Environmental temperature was measured by different devices attached to the middle fingers of both hands and the abdomen for the first four days of observation. These were also placed near where the participants slept to collect data on the temperature and humidity of their sleep environment, both in winter and summer.
On average, the participants were underweight or a healthy weight according to their body mass index (BMI). None of the people studied were overweight, a notable contrast to many industrialised societies.
The analysis looked at patterns of sleep onset and sleep duration in relation to light levels, seasons and temperature. Sleep onset is the length of time it takes to go from being fully awake to sleep – the "getting to sleep" phase.
Sleep duration is usually characterised by the time spent in either non-rapid eye movement sleep or rapid eye movement sleep, but in this study it was predicted based on how much people were moving, as detected by the watch.
All three groups showed similar sleep patterns. Sleep period – time including getting to sleep, sleeping and fully waking up – averaged 6.9 to 8.5 hours, with time spent fully asleep averaging around 5.7 to 7.1 hours. These were described as amounts near the low end of those of industrial societies.

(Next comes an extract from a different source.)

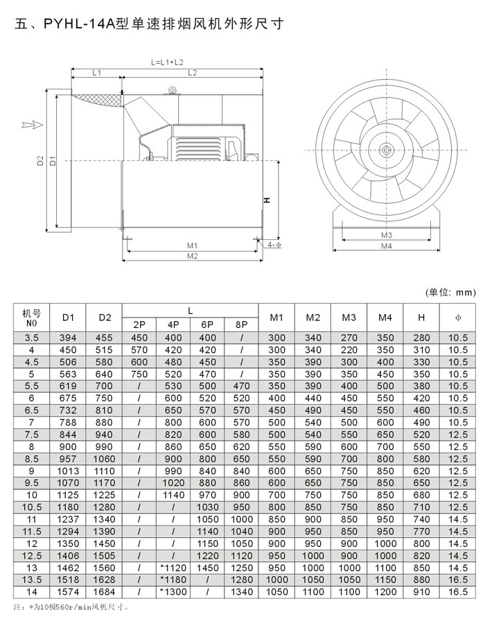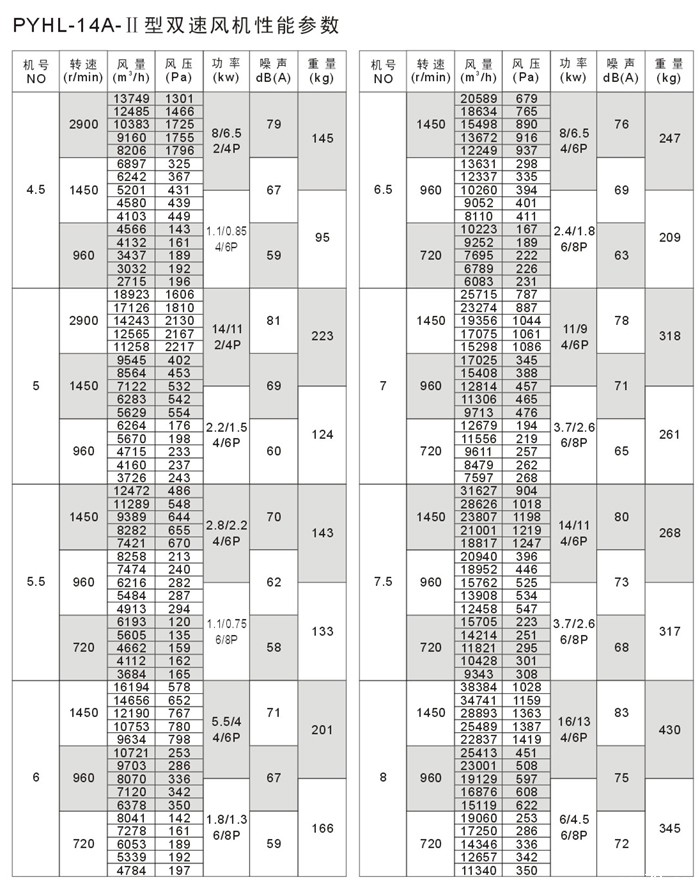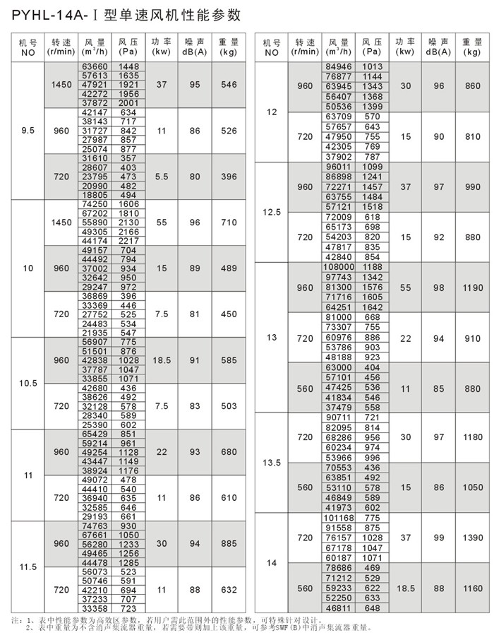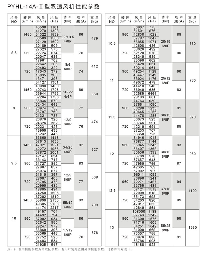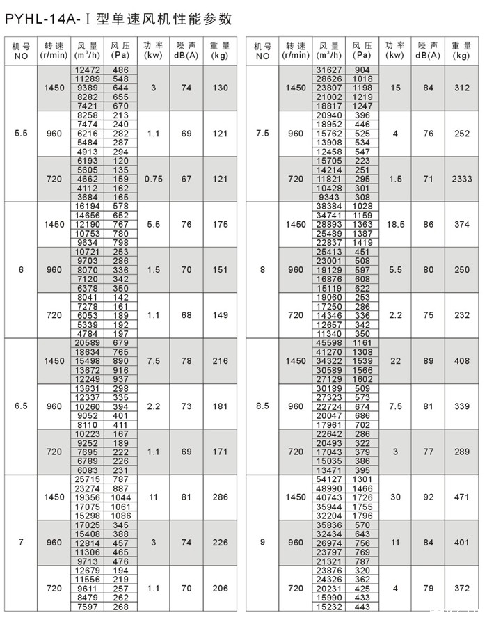 PYHL-14A风机Ⅰ型单速结构紧凑,节省安装空间。Ⅱ型双速在进风口设风口消声集流器,使风机在低速排风时运转噪音更低。

On average, people slept an hour more in winter time than summer. None of the groups started trying to sleep near sunset – they averaged 3.3 hours after. Most woke an hour or so before sunrise, although there were examples of some waking after sunrise.
Napping wasn't particularly common, occurring in less than 7% of days in winter and less than 22% of days in summer.
The researchers concluded that, "The daily cycle of temperature change, largely eliminated from modern sleep environments, may be a potent natural regulator of sleep."
Thinking about ways to use this knowledge to help people with sleep problems, they commented: "Mimicking aspects of the natural environment might be effective in treating certain modern sleep disorders."
This study of sleep patterns in non-industrialised communities indicates that sleep patterns in these communities might be more closely linked to environmental temperature and less linked to light, as had been assumed.
The use of objective sources of sleep, light and temperature information gives the study more reliability. However, the relatively short time period over which temperatures were measured – just four days – may not have given an entirely accurate picture.
Similarly, just three communities were studied – we can't assume this is representative of most non-industrialised communities. Also, the study does not take into account social and cultural attitudes to sleep, which could be a significant influencing factor.
The study notes light has been shown to be a major factor in human sleep. In this study, sleep occurred almost entirely during the dark period. This, the researchers say, contrasts with industrial populations, where sleep typically continues well after sunrise.
It is relatively common for people to have a dip in levels of alertness mid-afternoon, with some research suggesting this is unrelated to food intake.
As a result, the authors said they expected to see napping in this afternoon dip period as a natural remedy, a bit like a siesta – but they observed no such activity. This highlights how light and temperature don't predict all sleep patterns, so there must be additional explanations – possibly social – for these activities.
Often, what you do during the day can have a big influence on how well you sleep at night. Making sure you get plenty of exercise and minimising your consumption of caffeine and alcohol should help.